As the single most important impact metric we list the involvement by all ten pharmaceutical companies of the better part of their accumulated discovery data warehouse in a fully operational cross-partner run. This feat required
● the formulation and implementation of robust procedures and software scripts to format the chemical and conventional bioactivity data from different sources and owners to the extent that they can be consumed seamlessly by the modelling software. The software scripts have since been open sourced as MELLODDY-TUNER with documentation and small public data files (derived from ChEMBL25) for unit testing.
● the early availability to the partners of SparseChem, the core multi-task machine learning approach (without privacy-preservation features), to enable them to explore functionality options in single party studies. In the federated context a SparseChem version plugs into the application layer to execute the core machine learning operations in a privacy-preserving setting. Standalone SparseChem has been open sourced.
● extensive theoretical and empirical testing of the robustness of the implemented privacy-preservation measures against various lines of attack.
● the audit by an independent party that the proposed solution elements met relevant industry standards for IT-technical and data security defined in joint user requirements.
MELLODDY is positioned at the interface of two main long-term European dimensions of interest.

On the one hand, there is the long-term societal aim of continuous improvement of social wellbeing and health, particularly in the context of an increasing incidence and prevalence of chronic diseases related to unfavourable aging and suboptimal dietary and physical activity tendencies. This aim aligns well with the continuous ambition of the Pharmaceutical Sector to bring effective and safe medicines to patients and their unmet medical needs more efficiently in an effort to ensure the sector’s long-term economic health. With regards to this dimension, MELLODDY’s impact is broadly measured in terms of a better performance and an extended applicability of models that predict a broad spectrum of properties of relevance to the DD process. These measures are the most realistic short-term proxy for the extent to which DD processes can be in part virtualized and made more efficient. A confirmation of the MELLODDY working hypothesis that federated and privacy-preserving ML, implemented as multi-task ML across partners, can indeed boost the performance and applicability domain of ML models would no doubt inspire the use of MELLODDY and related technologies in pharmaceutical applications beyond discovery and other sectors.

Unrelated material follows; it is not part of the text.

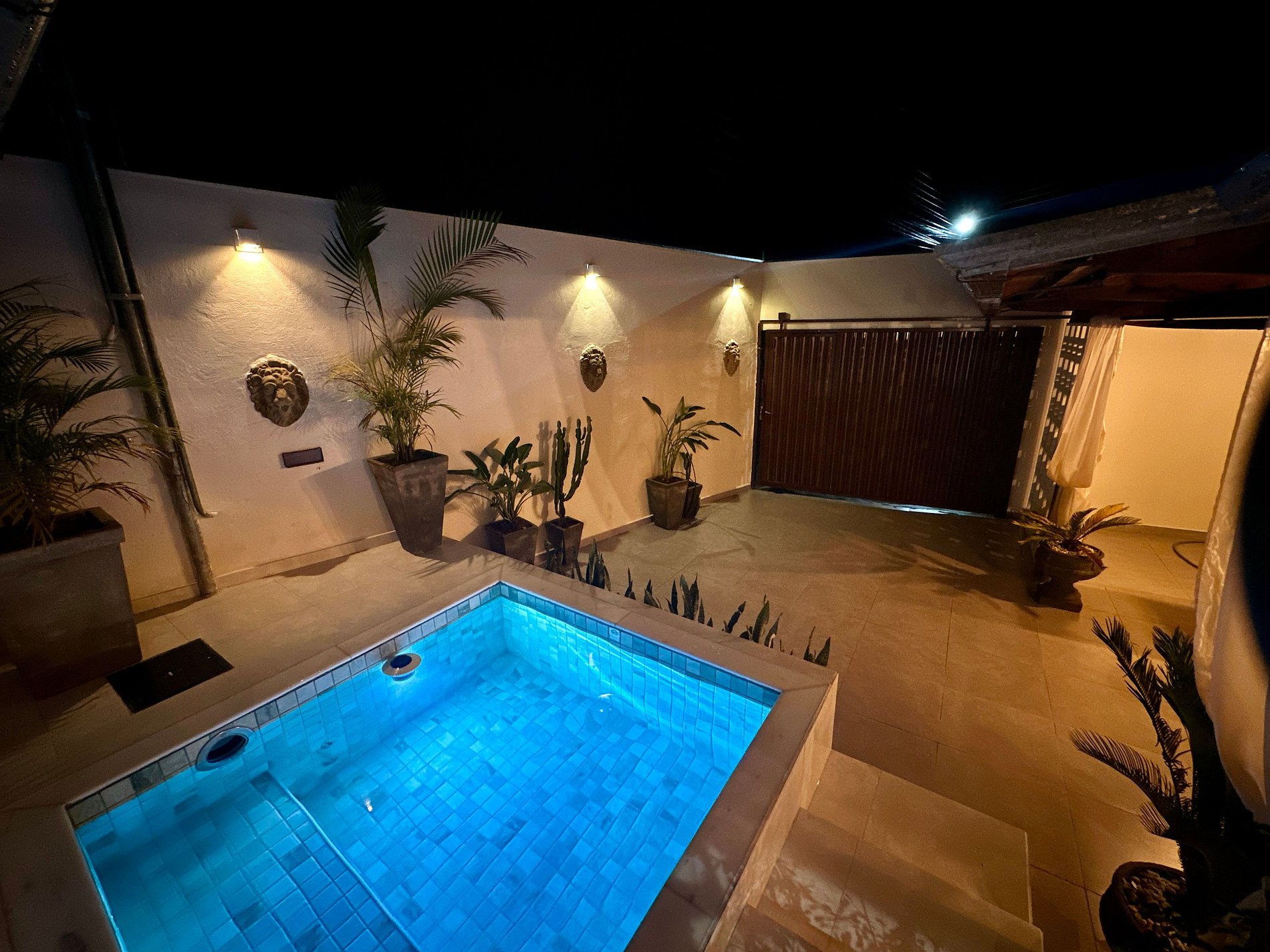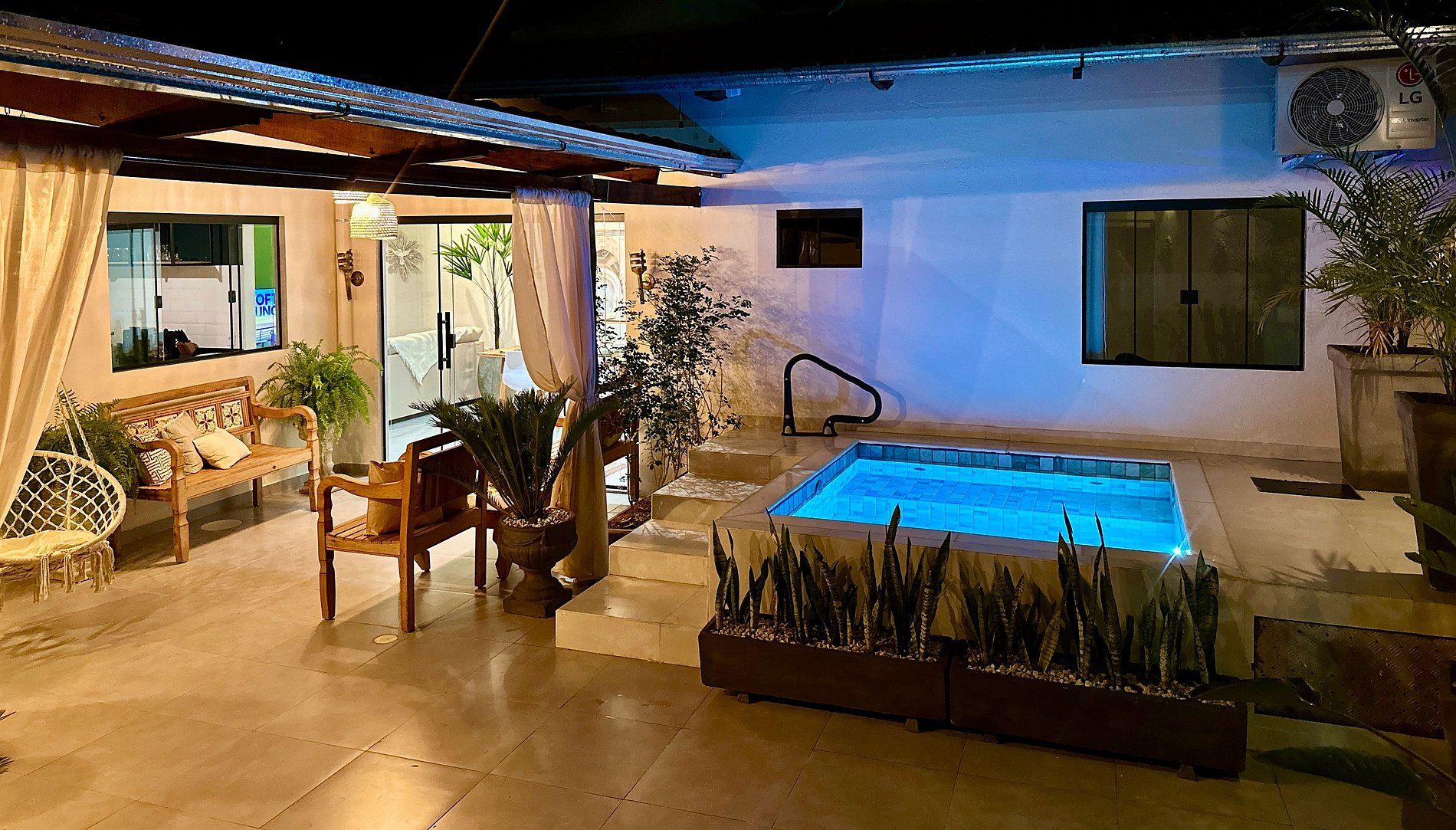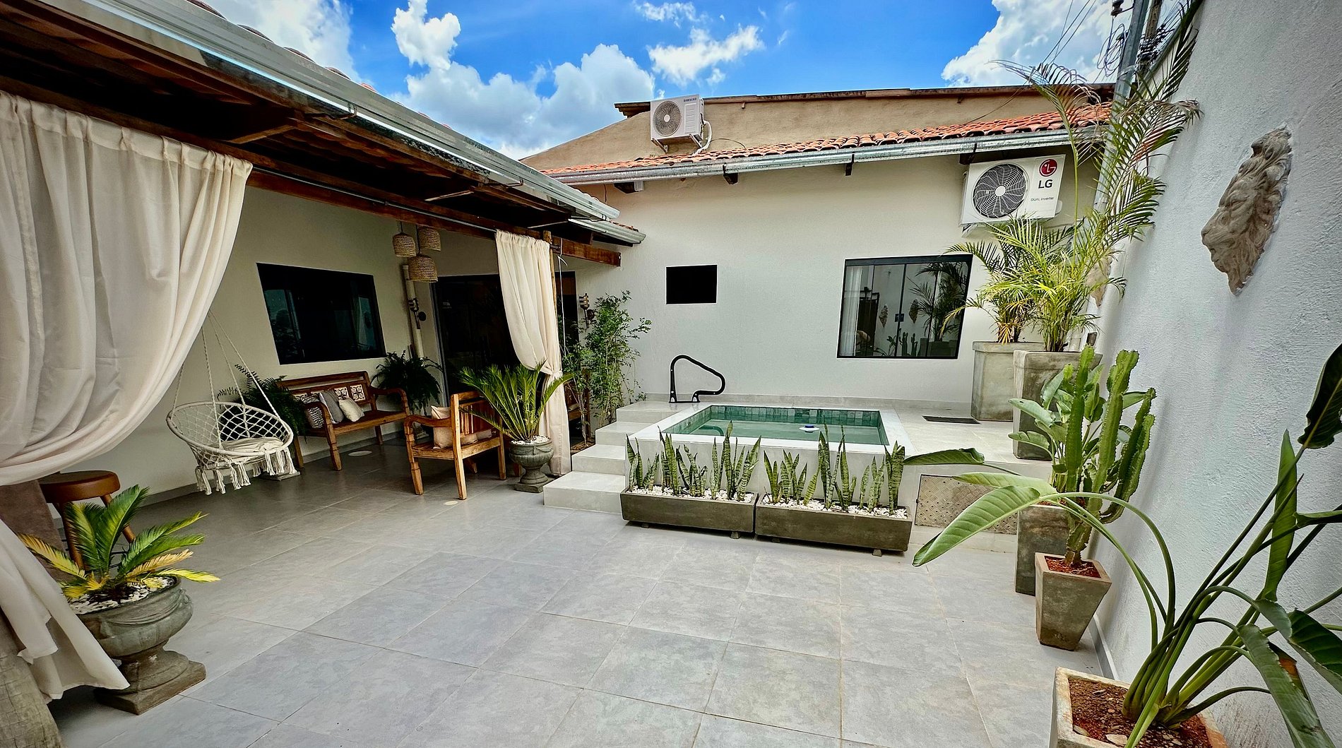 A casa oferece ainda uma cozinha equipada com churrasqueira elétrica, varanda temática e uma piscina (com aquecimento solar) e com acabamentos em cerâmica e titânio, ideal para momentos de relaxamento. A decoração é assinada pelo design de interiores Nildo Alves e conta com elementos rústicos e ecológicos, harmonizando o ambiente com a cultura local.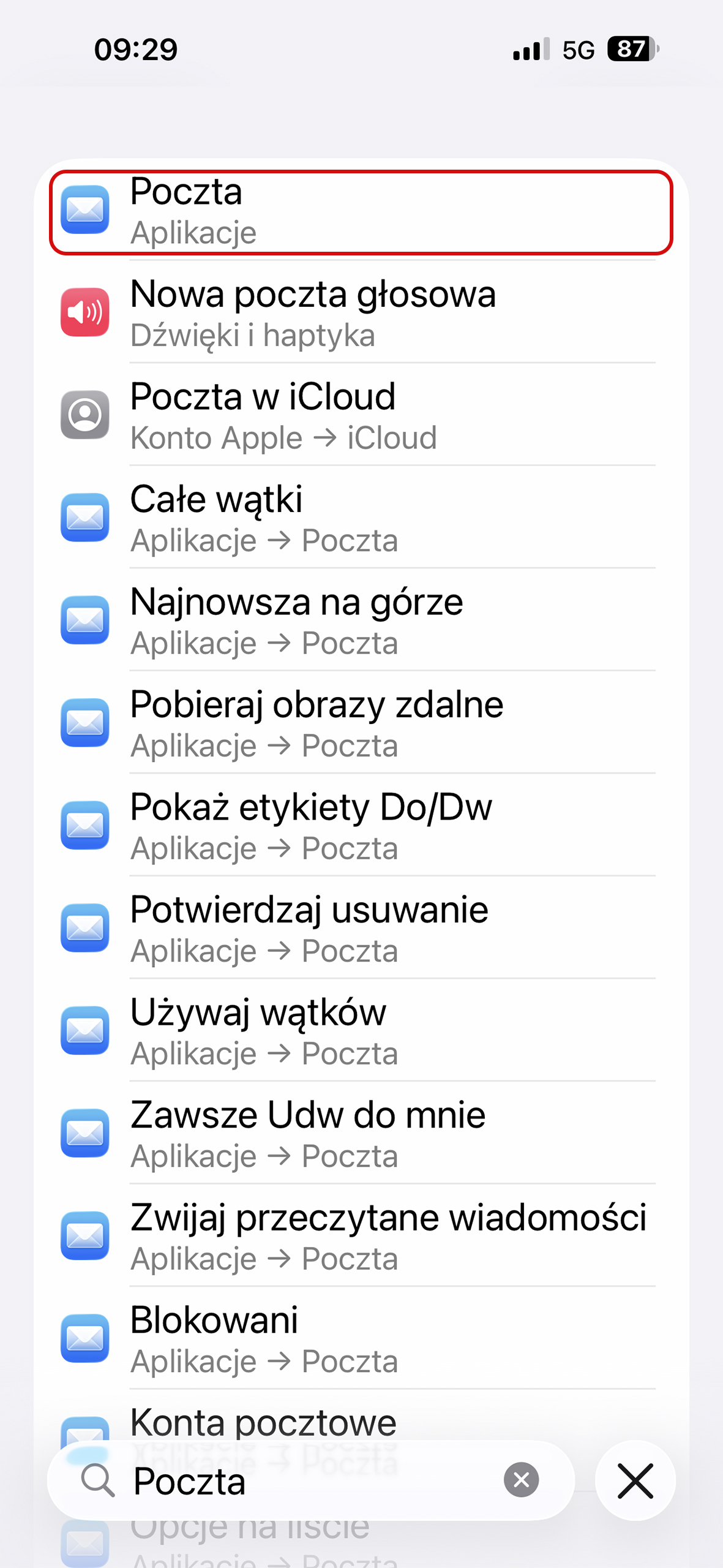 2. Wyszukaj w ustawieniach aplikację “Poczta”.

On the other hand, there is the European ambition to demonstrate itself as a worldwide leader in developing the technological and economical infrastructure, know-how, value chains and growth potential that accompany the accelerated embedding of data science and artificial/augmented intelligence in economic activities, as reflected in phenomena like the Fourth Industrial Revolution. Here impact is measured in the mutual acceptance and use of guidelines and solution elements offered by MELLODDY partners, in the first instance within the consortium, but ultimately also beyond it (cfr. sustainability track). This process helps to shape the delineation of players and elements in future economic value chains. The demonstration of trust and operational feasibility of the first federated run help pave the way to virtualization.